Martín Soto comments on Me, Myself, and AI: the Situational Awareness Dataset (SAD) for LLMs

Martín Soto 17 Jul 2024 17:47 UTC
8 points
0
Another idea: Ask the LLM how well it will do on a certain task (for example, which fraction of math problems of type X it will get right), and then actually test it. This a priori lands in INTROSPECTION, but could have a bit of FACTS or ID-LEVERAGE if you use tasks described in training data as “hard for LLMs” (like tasks related to tokens and text position).
- Owain_Evans 18 Jul 2024 7:35 UTC
  5 points
  0
  Parent
  I like this idea. It’s possible something like this already exists but I’m not aware of it.
- jan betley 18 Jul 2024 12:00 UTC
  2 points
  0
  Parent
  This is interesting!
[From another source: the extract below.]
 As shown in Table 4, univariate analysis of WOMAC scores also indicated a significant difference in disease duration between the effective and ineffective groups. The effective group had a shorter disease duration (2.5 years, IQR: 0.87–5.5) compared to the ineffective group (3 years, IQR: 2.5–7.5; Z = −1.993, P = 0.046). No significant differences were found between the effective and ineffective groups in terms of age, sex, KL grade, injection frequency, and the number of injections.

Although I think it’s pretty hard to use that in a benchmark (because you need a set of problems assigned to clearly defined types and I’m not aware of any such dataset).
  
  There are some papers on “do models know what they know”, e.g. https://arxiv.org/abs/2401.13275 or https://arxiv.org/pdf/2401.17882.
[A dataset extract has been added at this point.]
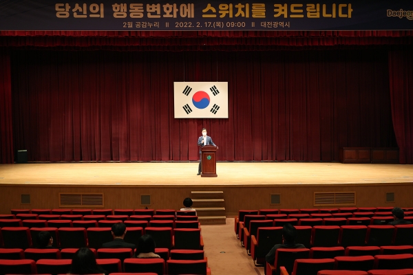 [세종타임즈] 대전시는 17일 시청 대강당에서 코로나19 방역업무 등 피로감이 누적된 전직원을 대상으로 소통전문가 유수란 강사를 초빙해“스트레스를 이겨내고 삶의 행복지수를 높이는 방법’에 대해 특강하는 등 올해 두 번째 공감누리를 개최했다.

  - Martín Soto 18 Jul 2024 19:24 UTC
    2 points
    0
    Parent
    you need a set of problems assigned to clearly defined types and I’m not aware of any such dataset
    Hm, I was thinking something as easy to categorize as “multiplying numbers of n digits”, or “the different levels of MMLU” (although again, they already know about MMLU), or “independently do X online (for example create an account somewhere)”, or even some of the tasks from your paper.
    I guess I was thinking less about “what facts they know”, which is pure memorization (although this is also interesting), and more about “cognitively hard tasks”, that require some computational steps.
    - Owain_Evans 19 Jul 2024 6:20 UTC
      2 points
      0
      Parent
      You want to make it clear to the LLM what the task is (multiplying n digit numbers is clear but “doing hard math questions” is vague) and also have some variety of difficulty levels (within LLMs and between LLMs) and a high ceiling. I think this would take some iteration at least.